From the first line of the listing to the last, set down everything exactly, but skip the images.
------ Given data
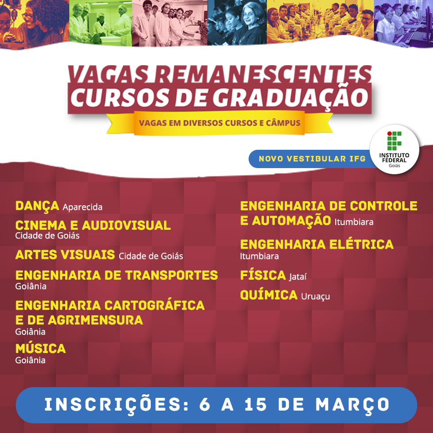 O Centro de Seleção do Instituto Federal de Goiás (IFG) publicou nesta sexta-feira, 6 de março, o edital do novo vestibular de vagas remanescentes. A seleção apresenta 180 vagas remanescentes, divididas em 10 cursos em seis câmpus do IFG. Há vagas para os câmpus: Aparecida de Goiânia, Cidade de Goiás, Goiânia, Itumbiara, Jataí e Uruaçu. As inscrições são gratuitas, pela internet, e devem ser realizadas até o dia 15 de março e a seleção consistirá em prova de redação, a ser aplicada no dia 22 de março.
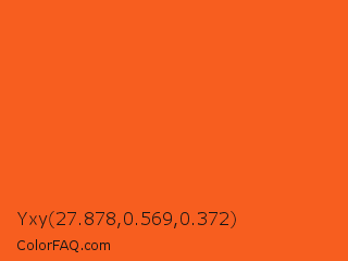 Yxy 27.878,0.569,0.372 Color is a normal orange color and the nearest color is Giants Orange #fe5a1d. Hex code #f75e1f and RGB value is rgb(247,94,31). In RGB color space, this color is composed of 97% red, 37% green, 12% blue, In CMYK color space, this color is composed of 0% cyan, 62% magenta, 87% yellow , 3% black , In HSL color space, this color has a hue angle of 18° , 93% saturation and 55% lightness.
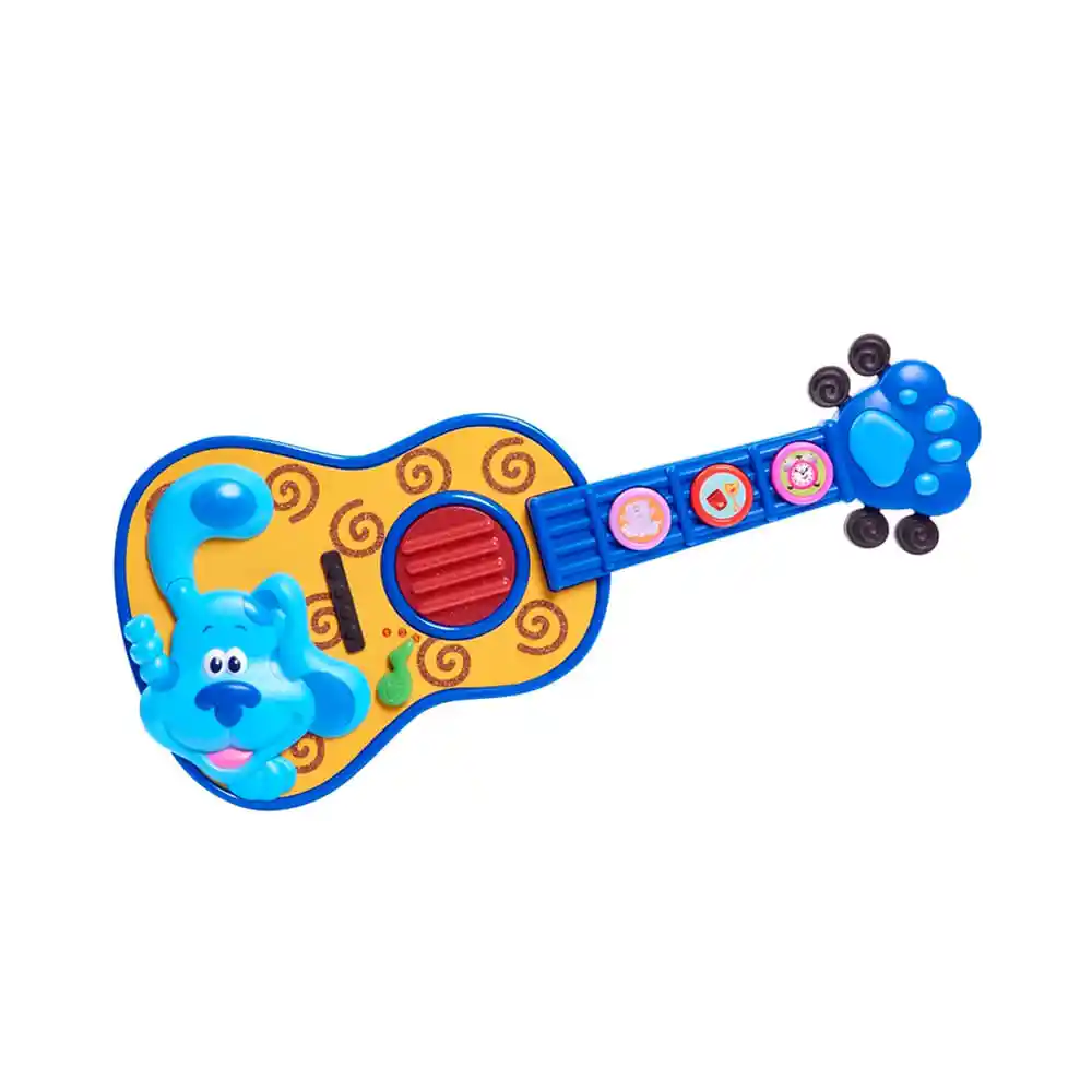 Los niños pueden cantar y disfrutar de fantásticas canciones de Blue’s Clues & You! con Blue's Clues & You! Guitarra para cantar. Con tres modos de juego diferentes y dos canciones, esta adorable guitarra electrónica está inspirada en la Handy Dandy Guitar que Josh toca en el programa. ¡Los pequeños músicos pueden escuchar y tocar con Blue’s Clues & You! tema musical y una versión instrumental de "Old McDonald". Presione el botón de puente para escuchar música y ver cómo se ilumina en sintonía con la canción. Los niños pueden incluso tocar los botones del mástil de la guitarra o golpear la barra de golpe con la forma de la oreja de Blue para obtener efectos de sonido especiales. Juguetes para ayudar a su pequeño buscador de pistas a usar su mente, dar un paso a la vez y hacer lo que quiera hacer. Requiere 3 pilas AA (incluidas). Mide 39 cms de alto y se recomienda a partir de 3 años
------------
* Result
 O Centro de Seleção do Instituto Federal de Goiás (IFG) publicou nesta sexta-feira, 6 de março, o edital do novo vestibular de vagas remanescentes. A seleção apresenta 180 vagas remanescentes, divididas em 10 cursos em seis câmpus do IFG. Há vagas para os câmpus: Aparecida de Goiânia, Cidade de Goiás, Goiânia, Itumbiara, Jataí e Uruaçu. As inscrições são gratuitas, pela internet, e devem ser realizadas até o dia 15 de março e a seleção consistirá em prova de redação, a ser aplicada no dia 22 de março.
 Yxy 27.878,0.569,0.372 Color is a normal orange color and the nearest color is Giants Orange #fe5a1d. Hex code #f75e1f and RGB value is rgb(247,94,31). In RGB color space, this color is composed of 97% red, 37% green, 12% blue, In CMYK color space, this color is composed of 0% cyan, 62% magenta, 87% yellow , 3% black , In HSL color space, this color has a hue angle of 18° , 93% saturation and 55% lightness.
 Los niños pueden cantar y disfrutar de fantásticas canciones de Blue’s Clues & You! con Blue's Clues & You! Guitarra para cantar. Con tres modos de juego diferentes y dos canciones, esta adorable guitarra electrónica está inspirada en la Handy Dandy Guitar que Josh toca en el programa. ¡Los pequeños músicos pueden escuchar y tocar con Blue’s Clues & You! tema musical y una versión instrumental de "Old McDonald". Presione el botón de puente para escuchar música y ver cómo se ilumina en sintonía con la canción. Los niños pueden incluso tocar los botones del mástil de la guitarra o golpear la barra de golpe con la forma de la oreja de Blue para obtener efectos de sonido especiales. Juguetes para ayudar a su pequeño buscador de pistas a usar su mente, dar un paso a la vez y hacer lo que quiera hacer. Requiere 3 pilas AA (incluidas). Mide 39 cms de alto y se recomienda a partir de 3 años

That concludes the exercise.